──────── Data records ────────
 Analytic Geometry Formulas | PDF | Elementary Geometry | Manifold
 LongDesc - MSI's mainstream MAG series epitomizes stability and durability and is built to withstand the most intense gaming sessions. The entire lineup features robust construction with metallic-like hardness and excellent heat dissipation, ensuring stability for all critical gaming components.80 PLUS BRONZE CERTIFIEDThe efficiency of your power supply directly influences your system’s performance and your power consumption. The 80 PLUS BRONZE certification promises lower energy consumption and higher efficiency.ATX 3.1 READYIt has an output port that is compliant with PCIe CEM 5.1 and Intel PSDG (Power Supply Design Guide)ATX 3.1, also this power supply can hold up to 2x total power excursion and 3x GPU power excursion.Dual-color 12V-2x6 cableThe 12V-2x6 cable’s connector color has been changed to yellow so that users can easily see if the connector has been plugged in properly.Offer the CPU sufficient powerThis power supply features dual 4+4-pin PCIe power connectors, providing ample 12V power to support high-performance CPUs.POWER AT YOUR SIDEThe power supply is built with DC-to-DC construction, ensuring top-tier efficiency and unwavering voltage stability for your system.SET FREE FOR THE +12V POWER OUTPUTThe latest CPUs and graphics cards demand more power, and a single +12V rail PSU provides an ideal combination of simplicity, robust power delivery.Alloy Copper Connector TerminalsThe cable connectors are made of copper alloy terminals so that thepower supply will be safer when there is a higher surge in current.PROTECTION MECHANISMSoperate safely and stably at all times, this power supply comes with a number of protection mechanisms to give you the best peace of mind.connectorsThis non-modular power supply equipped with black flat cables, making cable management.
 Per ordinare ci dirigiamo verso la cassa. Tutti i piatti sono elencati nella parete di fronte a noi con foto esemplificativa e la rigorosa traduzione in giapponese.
────────
──────── Data records ────────
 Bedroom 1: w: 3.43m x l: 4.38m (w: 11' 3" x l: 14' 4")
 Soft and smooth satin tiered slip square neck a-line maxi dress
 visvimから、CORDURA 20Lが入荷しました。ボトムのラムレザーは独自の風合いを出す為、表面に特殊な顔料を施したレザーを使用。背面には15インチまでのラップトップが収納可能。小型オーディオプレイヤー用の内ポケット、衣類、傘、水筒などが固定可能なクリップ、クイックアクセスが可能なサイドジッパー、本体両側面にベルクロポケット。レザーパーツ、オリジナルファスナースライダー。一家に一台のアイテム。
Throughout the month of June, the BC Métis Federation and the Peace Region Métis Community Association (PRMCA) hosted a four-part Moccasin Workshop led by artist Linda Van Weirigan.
────────
- **The problem**:
The required answer is the exact run of lines above starting at the line with "visvimから、CORDU" and ending at the line with "Throughout the month", with both ends present.

- **Result for this exercise**:
 visvimから、CORDURA 20Lが入荷しました。ボトムのラムレザーは独自の風合いを出す為、表面に特殊な顔料を施したレザーを使用。背面には15インチまでのラップトップが収納可能。小型オーディオプレイヤー用の内ポケット、衣類、傘、水筒などが固定可能なクリップ、クイックアクセスが可能なサイドジッパー、本体両側面にベルクロポケット。レザーパーツ、オリジナルファスナースライダー。一家に一台のアイテム。
Throughout the month of June, the BC Métis Federation and the Peace Region Métis Community Association (PRMCA) hosted a four-part Moccasin Workshop led by artist Linda Van Weirigan.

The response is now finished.